REQUIRED ACTION: Go through the listing below and write out exactly the lines from the one that mentions "STEP3 FINAL PROSTHESIS" through the one that mentions "Перчатки женские торговой", minus the pictures.

INFORMATION SUPPLIED:
⟨
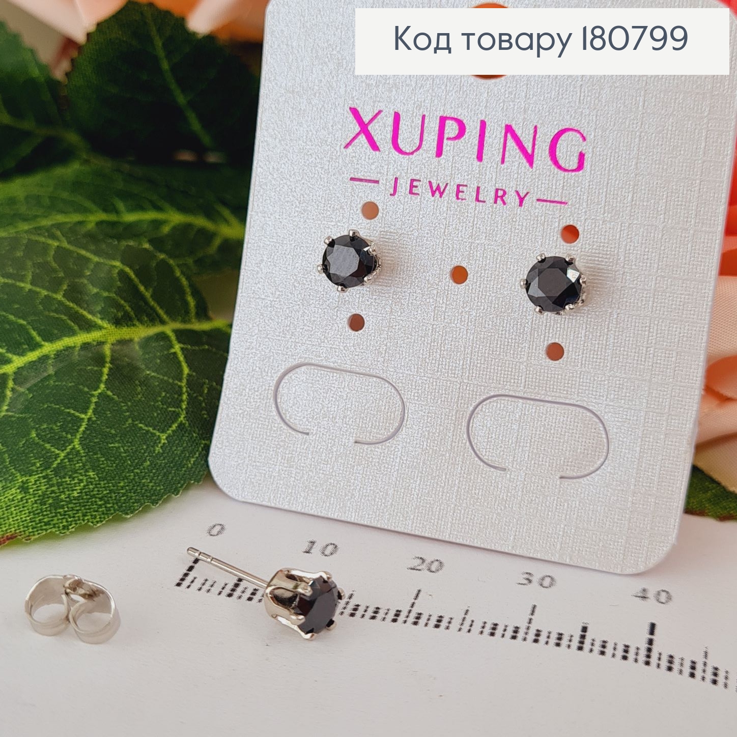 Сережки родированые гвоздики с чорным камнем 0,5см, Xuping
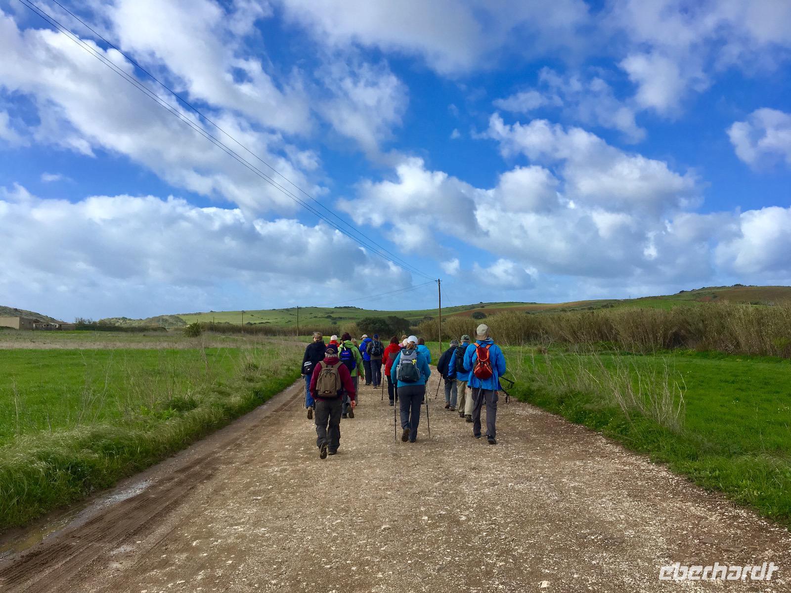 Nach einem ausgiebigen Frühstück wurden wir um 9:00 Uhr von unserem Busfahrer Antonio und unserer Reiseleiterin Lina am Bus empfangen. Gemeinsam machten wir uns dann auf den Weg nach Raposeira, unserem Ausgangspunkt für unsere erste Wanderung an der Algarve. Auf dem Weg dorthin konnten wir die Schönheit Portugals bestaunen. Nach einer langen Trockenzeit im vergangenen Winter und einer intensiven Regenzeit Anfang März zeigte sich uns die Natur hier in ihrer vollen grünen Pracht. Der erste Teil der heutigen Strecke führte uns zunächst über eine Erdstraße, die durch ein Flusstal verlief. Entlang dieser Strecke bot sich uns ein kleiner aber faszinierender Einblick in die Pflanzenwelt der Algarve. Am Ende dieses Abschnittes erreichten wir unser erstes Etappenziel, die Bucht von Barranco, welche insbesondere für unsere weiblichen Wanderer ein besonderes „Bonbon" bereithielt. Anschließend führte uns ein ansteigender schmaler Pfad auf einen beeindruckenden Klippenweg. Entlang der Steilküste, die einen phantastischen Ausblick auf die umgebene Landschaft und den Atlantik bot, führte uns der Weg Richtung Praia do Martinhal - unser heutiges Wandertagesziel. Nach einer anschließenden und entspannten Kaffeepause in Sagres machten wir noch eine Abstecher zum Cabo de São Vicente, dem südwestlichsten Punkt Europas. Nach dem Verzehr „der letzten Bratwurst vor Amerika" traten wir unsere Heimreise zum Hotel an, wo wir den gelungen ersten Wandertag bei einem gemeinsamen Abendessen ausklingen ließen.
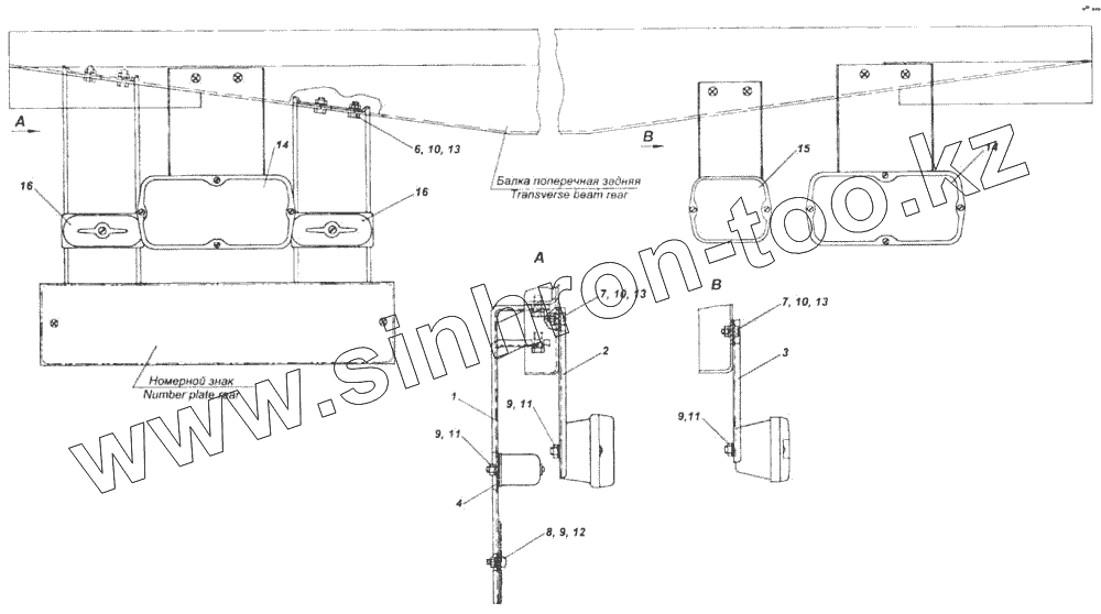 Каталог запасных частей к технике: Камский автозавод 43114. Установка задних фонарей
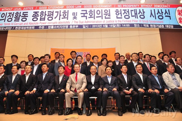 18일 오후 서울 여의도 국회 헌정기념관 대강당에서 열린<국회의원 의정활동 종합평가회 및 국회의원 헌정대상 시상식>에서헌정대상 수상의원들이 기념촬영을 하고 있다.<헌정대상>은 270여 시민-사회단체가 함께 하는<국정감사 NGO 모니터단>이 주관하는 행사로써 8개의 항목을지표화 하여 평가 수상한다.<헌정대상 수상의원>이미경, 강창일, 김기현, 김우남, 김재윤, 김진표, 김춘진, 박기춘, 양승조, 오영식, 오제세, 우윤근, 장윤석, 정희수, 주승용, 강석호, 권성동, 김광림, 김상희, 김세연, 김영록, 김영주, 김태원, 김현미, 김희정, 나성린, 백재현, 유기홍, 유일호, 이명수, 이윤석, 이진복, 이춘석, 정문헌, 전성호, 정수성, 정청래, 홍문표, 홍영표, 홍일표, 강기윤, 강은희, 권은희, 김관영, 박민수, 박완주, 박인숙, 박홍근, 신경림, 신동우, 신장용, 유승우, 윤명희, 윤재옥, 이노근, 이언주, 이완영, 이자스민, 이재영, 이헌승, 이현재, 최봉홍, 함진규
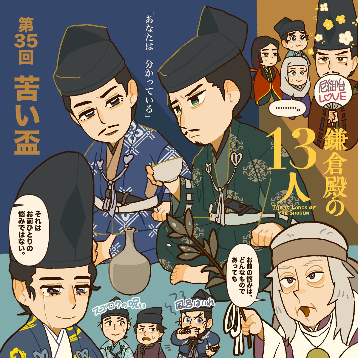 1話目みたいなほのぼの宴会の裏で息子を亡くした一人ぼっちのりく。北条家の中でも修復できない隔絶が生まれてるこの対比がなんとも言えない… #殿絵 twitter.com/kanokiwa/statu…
⟩
⟨
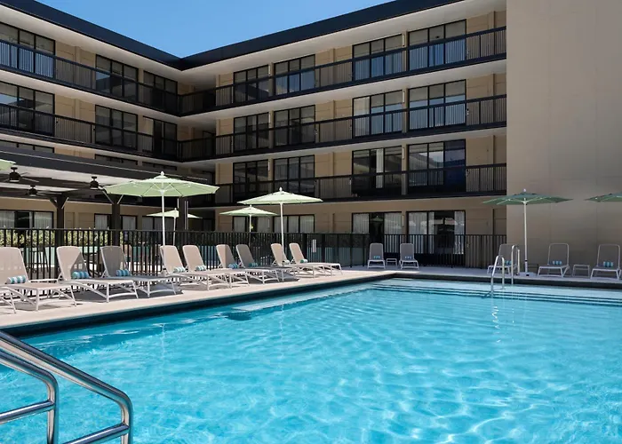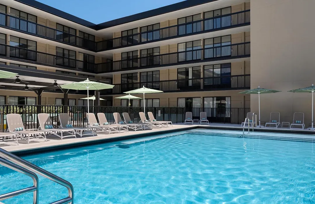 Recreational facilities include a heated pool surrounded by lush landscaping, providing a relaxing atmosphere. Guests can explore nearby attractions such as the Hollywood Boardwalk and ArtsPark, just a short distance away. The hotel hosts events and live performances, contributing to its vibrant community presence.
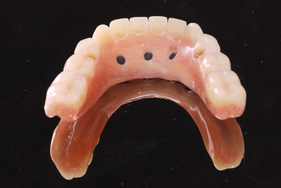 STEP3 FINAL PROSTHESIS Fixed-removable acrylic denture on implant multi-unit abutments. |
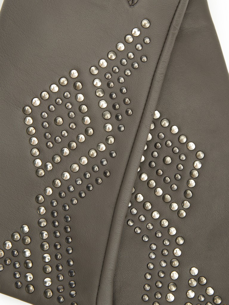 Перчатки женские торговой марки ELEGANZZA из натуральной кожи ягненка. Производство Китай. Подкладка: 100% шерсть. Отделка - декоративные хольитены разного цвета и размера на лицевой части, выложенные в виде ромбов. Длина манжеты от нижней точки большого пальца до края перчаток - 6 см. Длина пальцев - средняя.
⟩
RESULT:
 STEP3 FINAL PROSTHESIS Fixed-removable acrylic denture on implant multi-unit abutments. |
 Перчатки женские торговой марки ELEGANZZA из натуральной кожи ягненка. Производство Китай. Подкладка: 100% шерсть. Отделка - декоративные хольитены разного цвета и размера на лицевой части, выложенные в виде ромбов. Длина манжеты от нижней точки большого пальца до края перчаток - 6 см. Длина пальцев - средняя.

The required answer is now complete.